Every line in the data below has to be repeated exactly; no picture belongs in the result.

::: MATERIAL PROVIDED

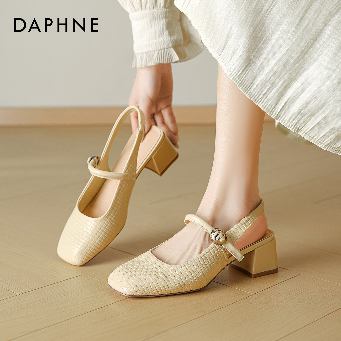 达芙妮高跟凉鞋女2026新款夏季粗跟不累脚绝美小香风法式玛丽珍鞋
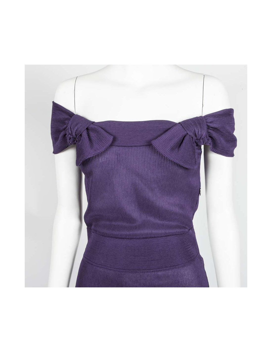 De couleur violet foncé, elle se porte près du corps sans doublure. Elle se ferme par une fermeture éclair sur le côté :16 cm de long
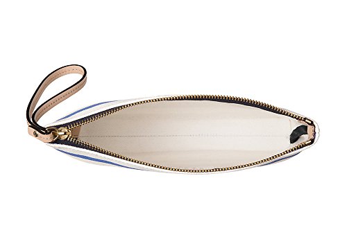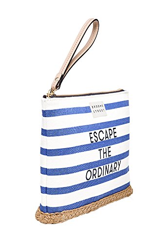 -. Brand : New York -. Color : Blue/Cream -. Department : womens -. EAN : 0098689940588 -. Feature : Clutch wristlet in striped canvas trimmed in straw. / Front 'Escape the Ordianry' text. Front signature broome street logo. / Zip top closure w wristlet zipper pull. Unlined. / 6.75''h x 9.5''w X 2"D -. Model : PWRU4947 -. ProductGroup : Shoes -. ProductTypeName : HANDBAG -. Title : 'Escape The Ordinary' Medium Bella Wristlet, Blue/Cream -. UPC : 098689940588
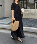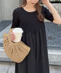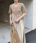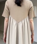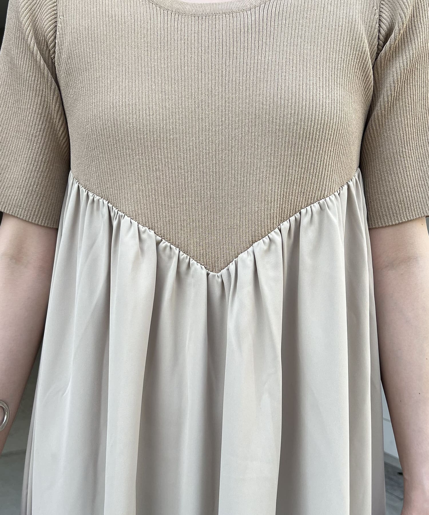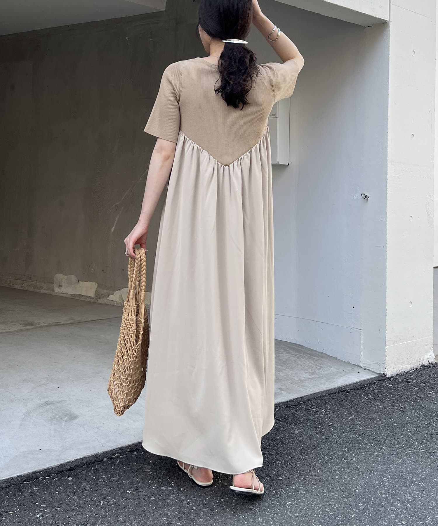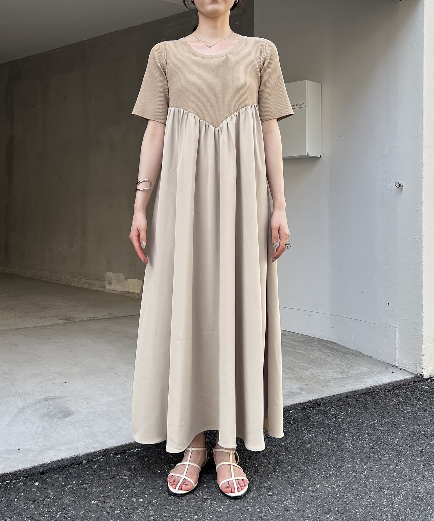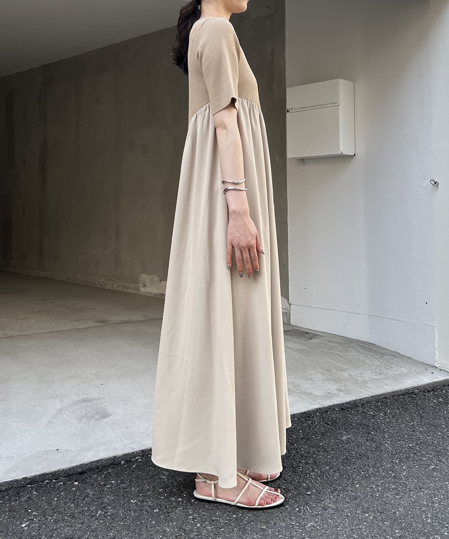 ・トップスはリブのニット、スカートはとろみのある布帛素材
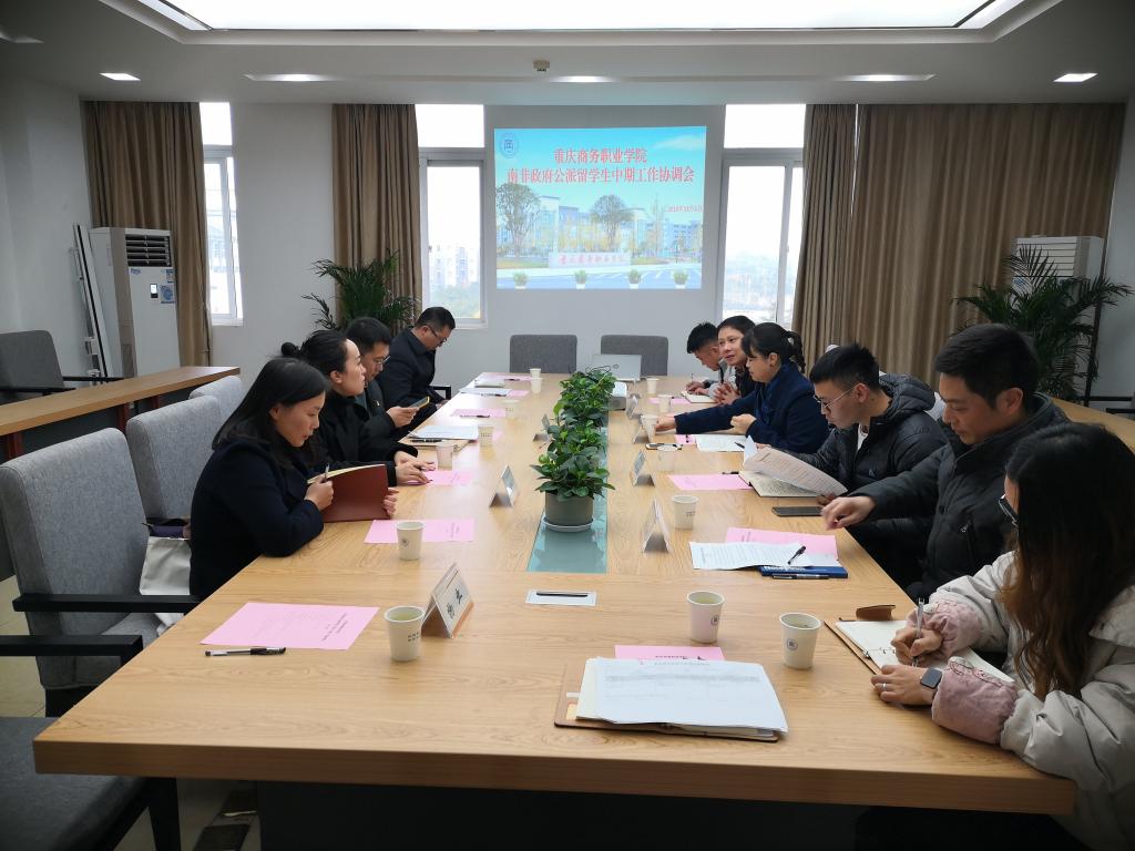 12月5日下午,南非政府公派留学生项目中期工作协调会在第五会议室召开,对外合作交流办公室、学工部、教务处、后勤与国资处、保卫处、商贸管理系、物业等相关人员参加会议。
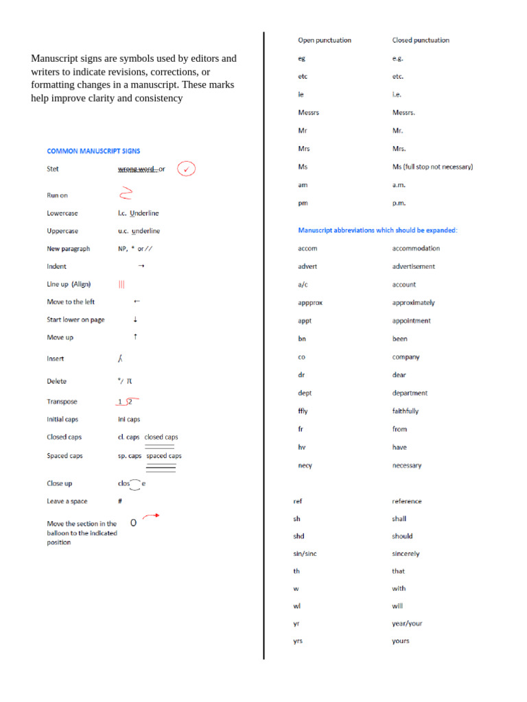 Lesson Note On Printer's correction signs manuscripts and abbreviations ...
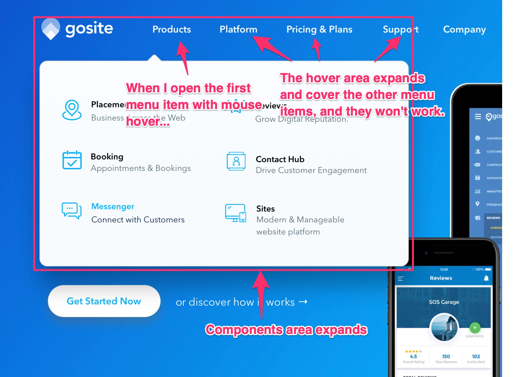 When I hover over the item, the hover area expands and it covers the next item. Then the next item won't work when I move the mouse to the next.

::::::

■ **FINISHED EXERCISE**:
 达芙妮高跟凉鞋女2026新款夏季粗跟不累脚绝美小香风法式玛丽珍鞋
 De couleur violet foncé, elle se porte près du corps sans doublure. Elle se ferme par une fermeture éclair sur le côté :16 cm de long
 -. Brand : New York -. Color : Blue/Cream -. Department : womens -. EAN : 0098689940588 -. Feature : Clutch wristlet in striped canvas trimmed in straw. / Front 'Escape the Ordianry' text. Front signature broome street logo. / Zip top closure w wristlet zipper pull. Unlined. / 6.75''h x 9.5''w X 2"D -. Model : PWRU4947 -. ProductGroup : Shoes -. ProductTypeName : HANDBAG -. Title : 'Escape The Ordinary' Medium Bella Wristlet, Blue/Cream -. UPC : 098689940588
 ・トップスはリブのニット、スカートはとろみのある布帛素材
 12月5日下午,南非政府公派留学生项目中期工作协调会在第五会议室召开,对外合作交流办公室、学工部、教务处、后勤与国资处、保卫处、商贸管理系、物业等相关人员参加会议。
 Lesson Note On Printer's correction signs manuscripts and abbreviations ...
 When I hover over the item, the hover area expands and it covers the next item. Then the next item won't work when I move the mouse to the next.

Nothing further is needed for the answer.